2. The structured light imaging system of claim 1, further
comprising a first feedback loop control system structured to
control the spatial light modulator.
3. The structured light imaging system of claim 1, wherein the
first imaging lens is structured to project an image of the object
surface to a front plane of the spatial light modulator.
4. The structured light imaging system of claim 1, wherein the
spatial light modulator is a translucent spatial light
modulator.
5. The structured light imaging system of claim 2, wherein the
spatial light modulator is structured to attenuate light at each
point or pixel of the spatial light modulator based on a control
signal from the first feedback loop control system.
6. The structured light imaging system of claim 5, wherein the
light attenuated by the spatial light modulator is projected by the
second imaging lens to the imaging sensor.
7. The structured light imaging system of claim 1, wherein the
imaging sensor is a CCD or CMOS sensor.
8. The structured light imaging system of claim 5, wherein signals
from each pixel of the imaging sensor are fed to a computer
structured to compare levels of the signals from each pixel of the
imaging sensor with pre-set levels; and the control signal is set
based on the comparison between levels of the signals from each
pixel of the imaging sensor and the pre-set levels.
9. The structured light imaging system of claim 1 further
comprising a second feedback loop control system structured to
control intensity of the structured light projected by the
projector; wherein the second feedback loop control system is
structured to control the intensity of the structured light based
on a comparison between signals from pixels of the imaging sensor
and pre-set signals.
10. The structured light imaging system of claim 1, wherein the
spatial light modulator is a reflective spatial light
modulator.
11. A method of measuring coordinates of a surface using a
structured light imaging system, the method comprising: providing
an imaging system comprising: a first imaging lens; a spatial light
modulator provided after the first imaging lens; a second imaging
lens provided after the spatial light modulator; and an imaging
sensor provided after the second imaging light modulator
illuminating the surface with structured light from a projector;
and adjusting light intensity at each pixel of the imaging system
by using a feedback loop system such that each pixel of the imaging
sensor will operate in a linear response range.

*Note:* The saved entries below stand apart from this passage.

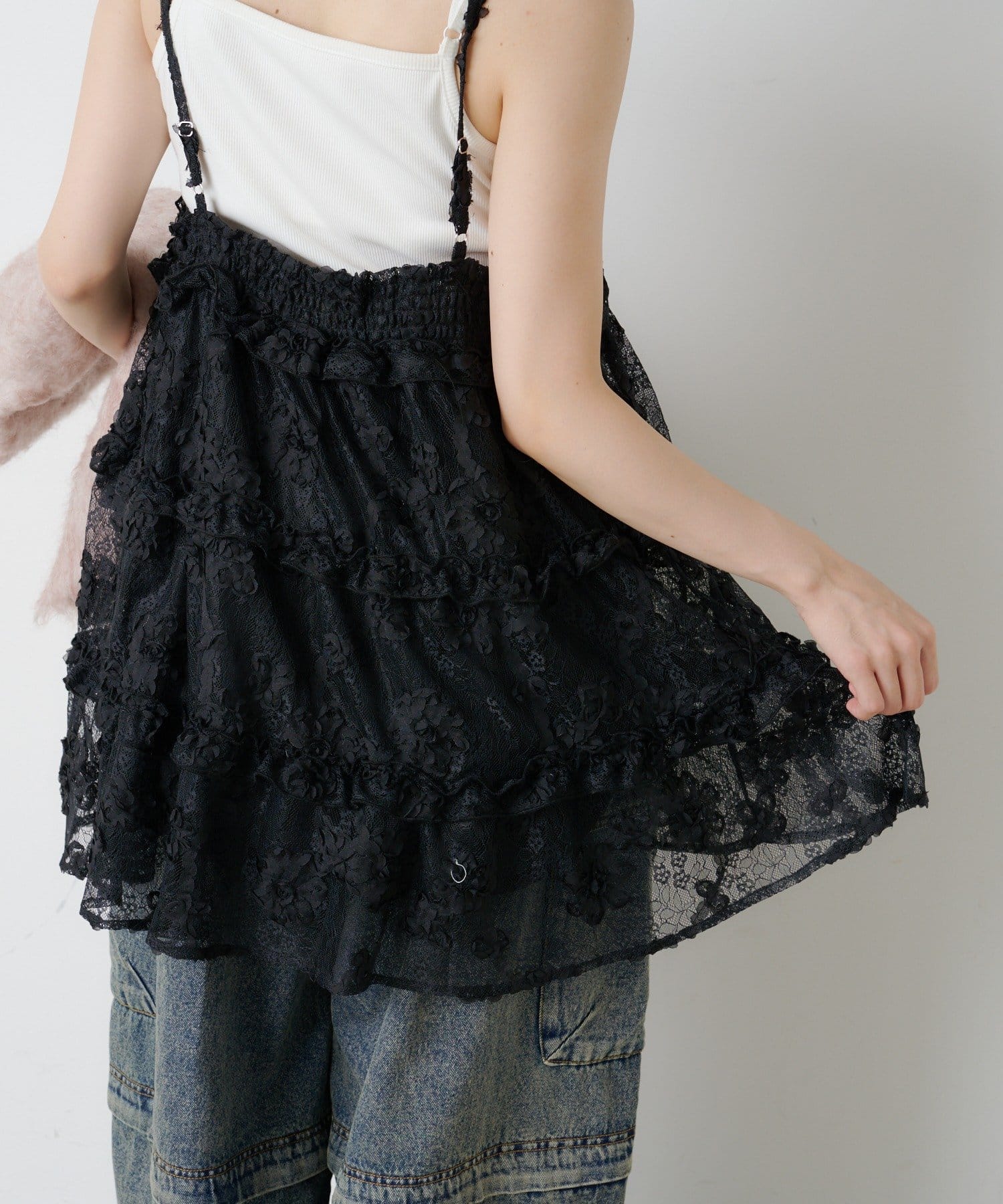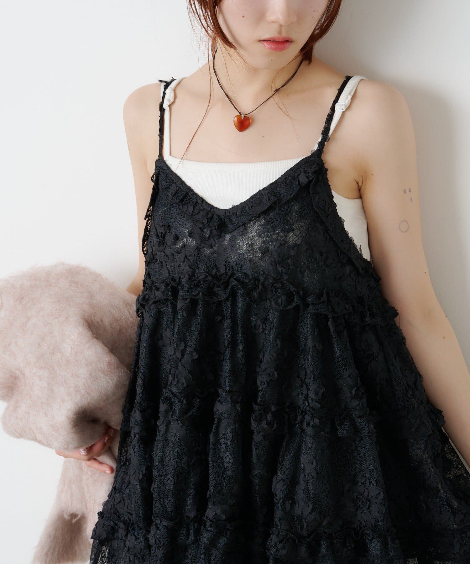 ・ふんわりと立体感のあるレースが特別感のあるキャミワンピ♡
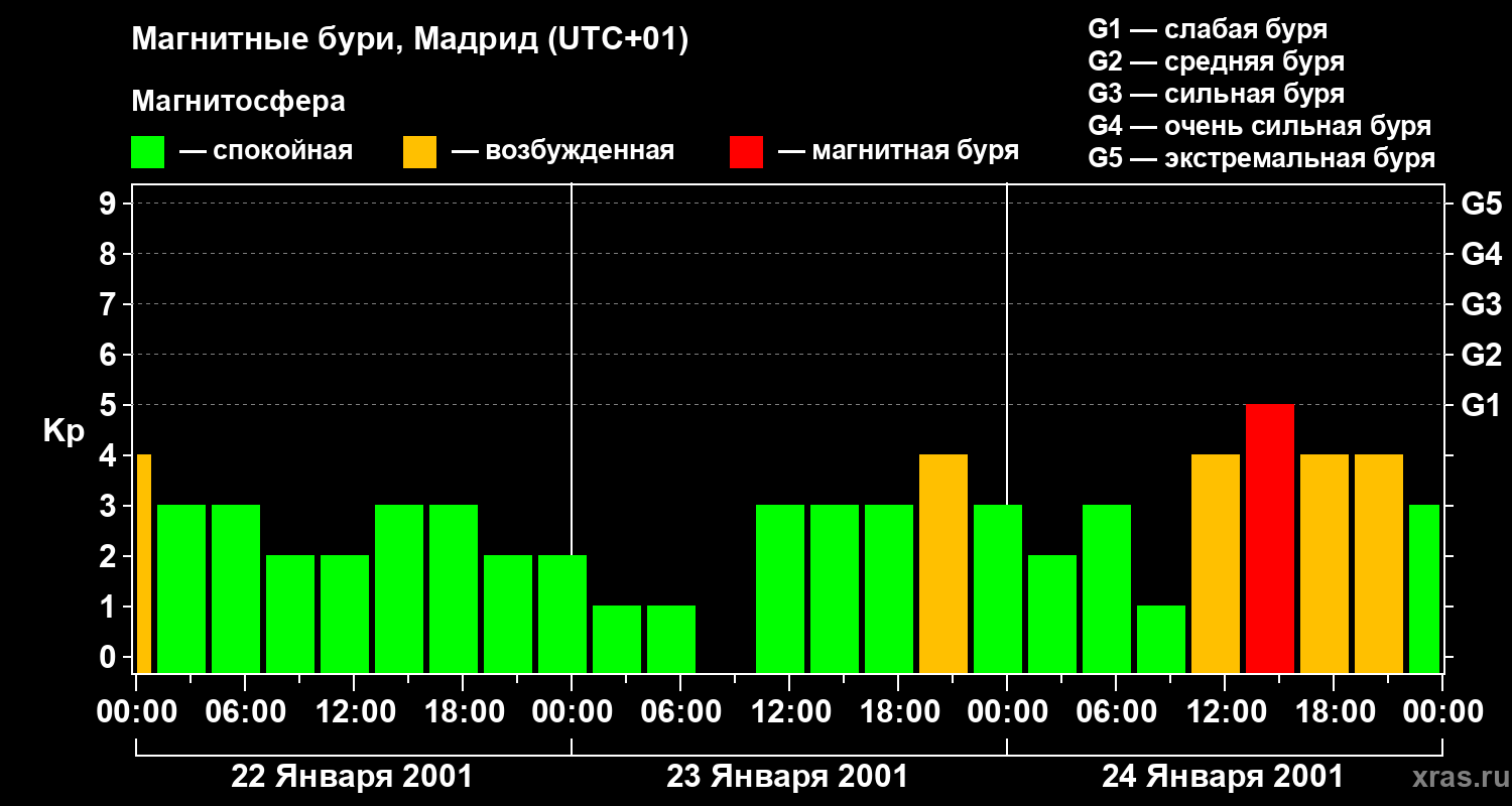 Изменения геомагнитного индекса Kp с 22 по 24 января 2001 года для средних широт
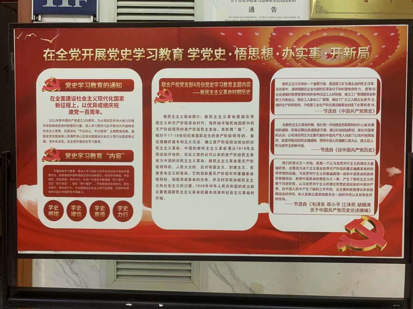 自黨史學習教育開展以來,聯(lián)合產(chǎn)權黨支部通過制定學習計劃、制作月度學習宣傳欄、組織黨員定期學習討論等方式持續(xù)推進學習教育工作。下一步,聯(lián)合產(chǎn)權黨支部將繼續(xù)深入開展黨史學習教育主題活動,切實把黨史學習教育與總結經(jīng)驗、觀照現(xiàn)實、推動工作結合起來,切實做到學黨史、悟思想、辦實事、開新局,鍛造“不折不扣、不偏不倚”的政治執(zhí)行力,以優(yōu)異成績迎接建黨一百周年。
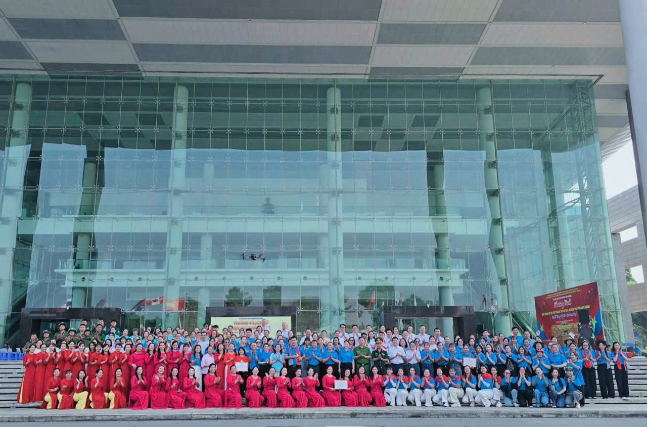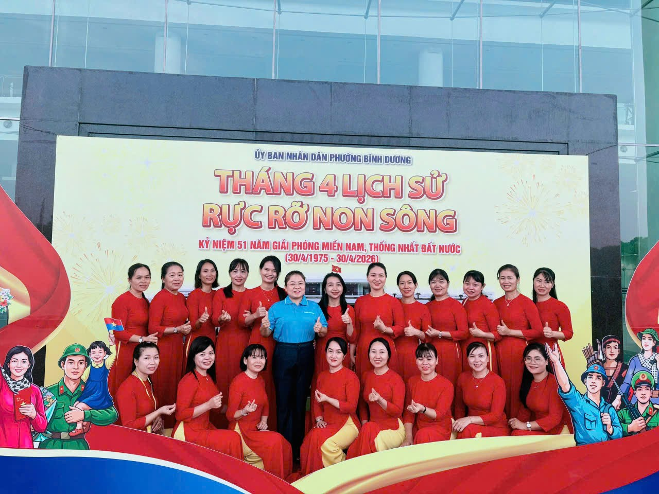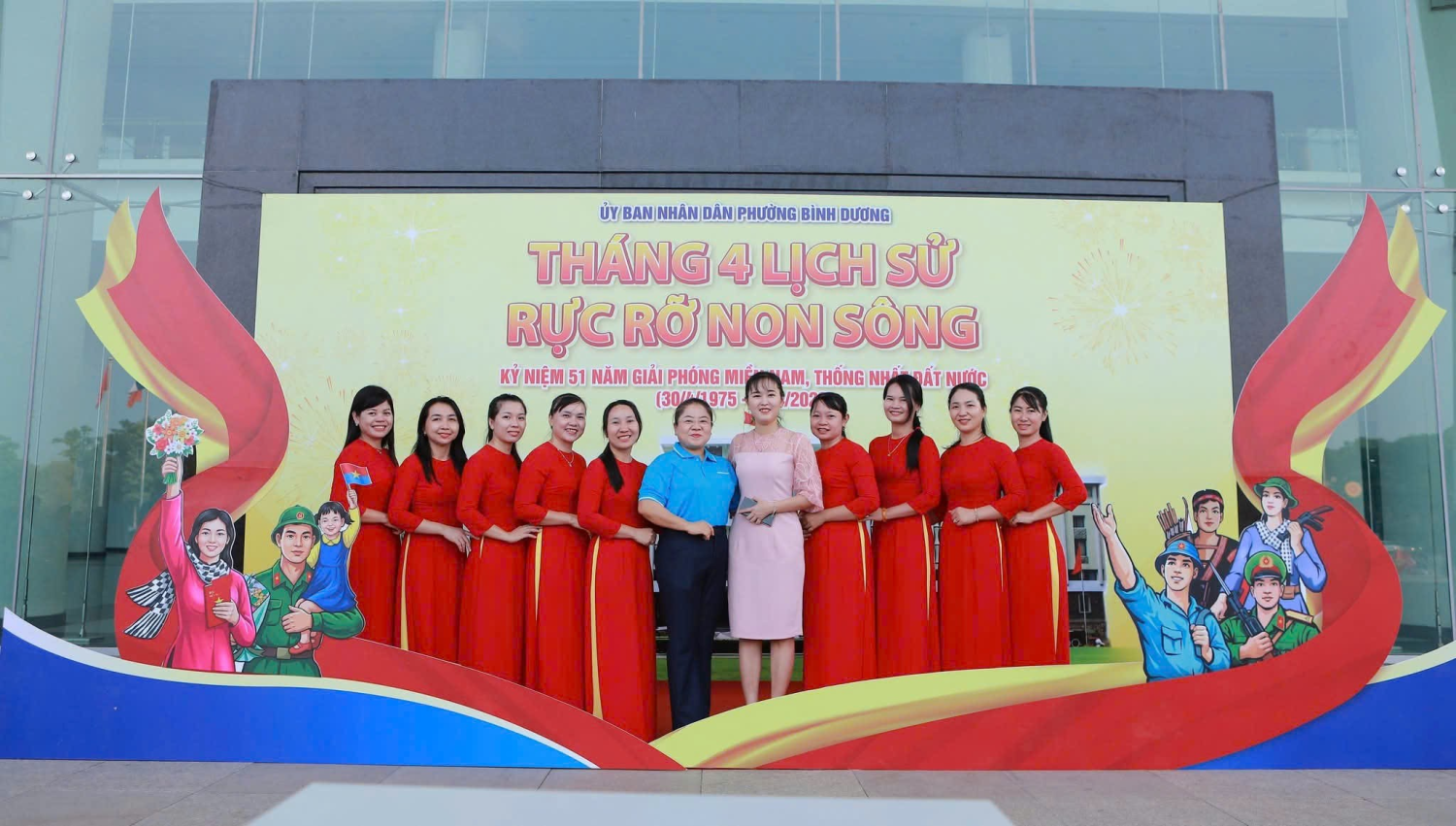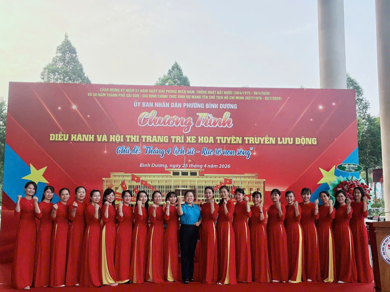 Trên tay mỗi thành viên, những lá cờ đỏ sao vàng tung bay phấp phới trước gió, hòa cùng tiếng nhạc hào hùng. Sự kết hợp giữa nét truyền thống của áo dài và vẻ rực rỡ của màu cờ sắc áo đã tạo nên một khung cảnh tràn đầy sức sống, thể hiện sự tiếp nối thế hệ và lòng tri ân sâu sắc đến cha ông đi trước.
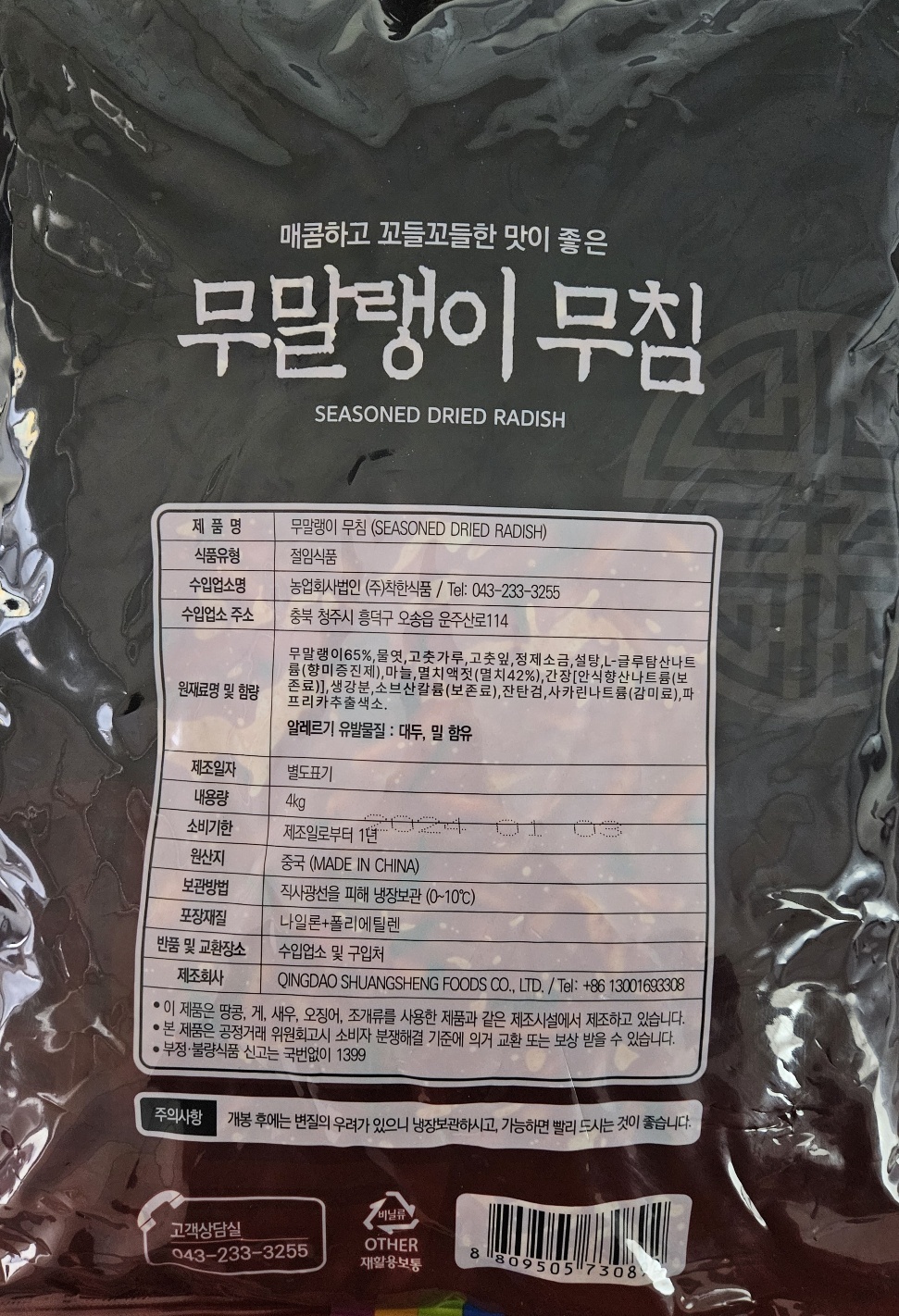 착한식품 무말랭이무침 4kg 냉장 이미지
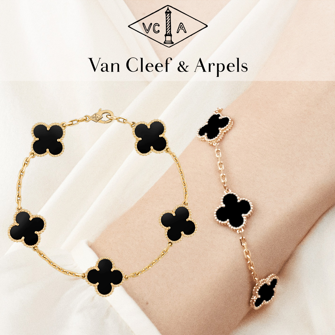 Vintage Alhambra手链,5图案 黄K金 缟玛瑙:  5颗 Front Jewelry BraceletVintage Alhambra手链,5图案 黄K金 缟玛瑙:  5颗 Worn Alternative Jewelry Bracelet

12. The method of claim 11, wherein the adjusting light intensity
comprises attenuating light with the spatial light modulator.
13. The method of claim 11, wherein the adjusting light intensity
comprises controlling the intensity of the structured light
projected by the projector.
14. The method of claim 11, further comprising recording images
required for coordinate calculation when all of the pixels of the
imaging sensor receive an intensity of light such that all of the
pixels of the imaging sensor are operating in a linear response
range.
Description
CROSS REFERENCE TO RELATED APPLICATIONS
[0001] This application claims the benefits of provisional U.S.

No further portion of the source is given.